Abstract

Introduction: Electrically stimulated cramp threshold frequency (TF) correlates well with occurrence of muscle cramps; i.e., lower TF represents increased predisposition to cramps. Higher frequency of muscle cramps in cirrhosis is associated with a poor quality of life. However, the etiology of muscle cramps in cirrhotic individuals is not well understood.
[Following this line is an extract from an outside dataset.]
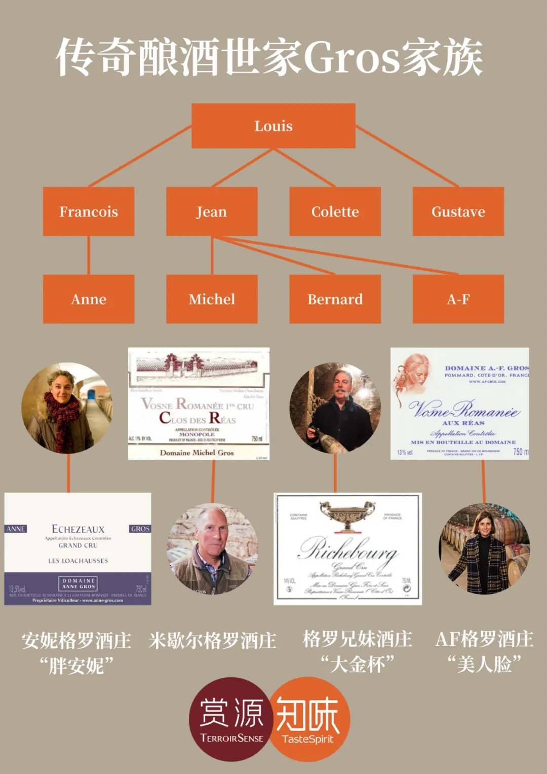格罗家族(Gros),勃艮第赫赫有名的酿酒世家。目前家族有四个分支,其中因为酒标鲜明的华丽金杯而被酒友惯称“大金杯”的格罗兄妹 Gros Frère et Sœur(以下称大金杯),是地位、人气、价格、收藏价值都十分突出的一个分支。
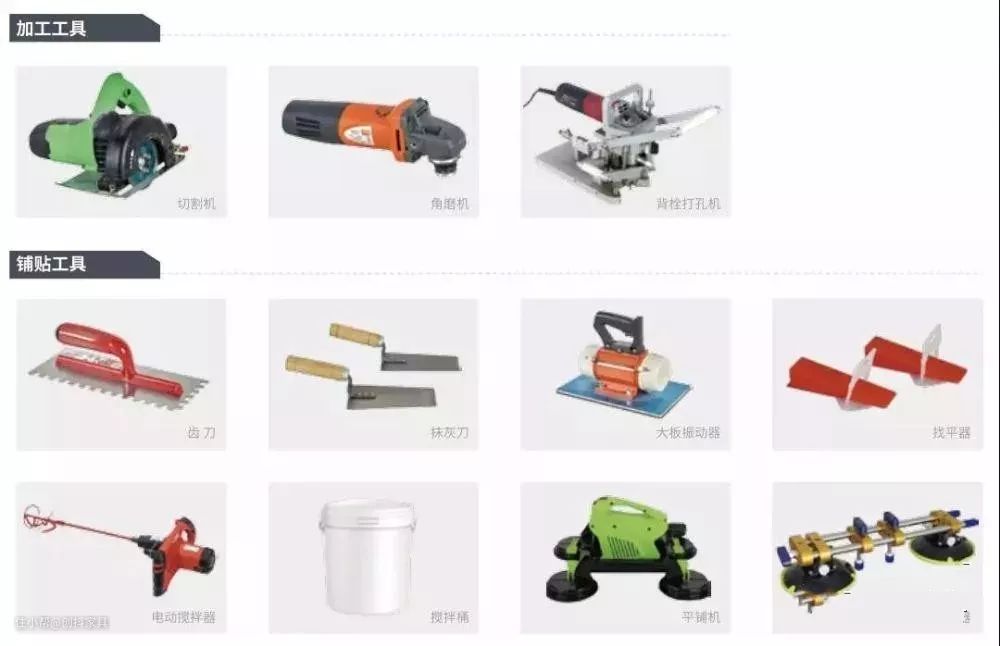 岩板铺贴专业工具:瓷砖专用吸盘、移动固定架、瓷砖防护移动支架、水平尺、激光水平仪、贴墙贴地仪、齿形鏝刀、 钢抹浆刀、瓷砖找平器、推紧钳、平板振动器 (带胶垫)、填缝刮刀、电动切割机、卷尺、 清洁海绵、 电动搅拌器、搅拌桶、刮平板、缝隙伸缩器、开孔定位器、 手动切割器、钻孔机。

In the current study, we tested the hypothesis that cirrhotic patients with muscle cramps have lower cramp TF. Methods: 36 participants were recruited: Group A: cirrhotic patients who experienced at least 3 episodes of cramps/week (n=14); Group B: cirrhotic patients without cramps (n=12) and Group C: healthy individuals without cramps (n=10). All groups were matched for age, gender and BMI whereas Groups A and B were matched for liver disease etiology and diuretic usage. Patients recorded cramps in a daily diary for 3 weeks and then underwent blood sampling and testing for cramp TF of tibial and ulnar nerves. Threshold frequency was determined by delivering a series of 8 shocks over 2 seconds. If no cramp occured, the frequency was increased by 2 Hz with a minimum of 60 seconds between the end of each stimulus until a cramp was induced. The shocks were delivered until max TF of 40 Hz was reached or patient requested to stop the test. Results: The study cohort comprised of 53% women, 86% Caucasian, BMI 32 ± 11 kg/m2 with mean age of 55 ± 9 years. Group A experienced an average of 5 ± 1 episodes of cramps per week. Cramps were induced in 43% of Group A, 50% of Group B, and 70% of Group C participants (P>0.05). Of those, 5 (14%) had induced cramps in both the tibial and ulnar nerve stimulation, whereas 10 (28%) patients had cramps induced only in the tibial nerve and 4 (11%) had cramps induced only at the ulnar nerve. The lowest TF required to induce cramps either with tibial or ulnar nerve stimulation was not significantly different among three groups: Group A (16 ± 6 Hz), Group B (15 ± 3 Hz) and Group C ( 17 ± 4 Hz) (P>0.05). Serum levels of magnesium (r= -0.71, P<0.05) and albumin (r=-0.52, P<0.05) had significant negative correlation with cramp TF. Conclusion: The frequency of electrically stimuted muscle cramps, or TF required to induce muscle cramps was not different in cirrhotics with cramps compared to other groups. The negative relationship between serum magnesium and albumin with cramp TF suggests therapeutic potential for magnesium and albumin for muscle cramps in cirrhotics.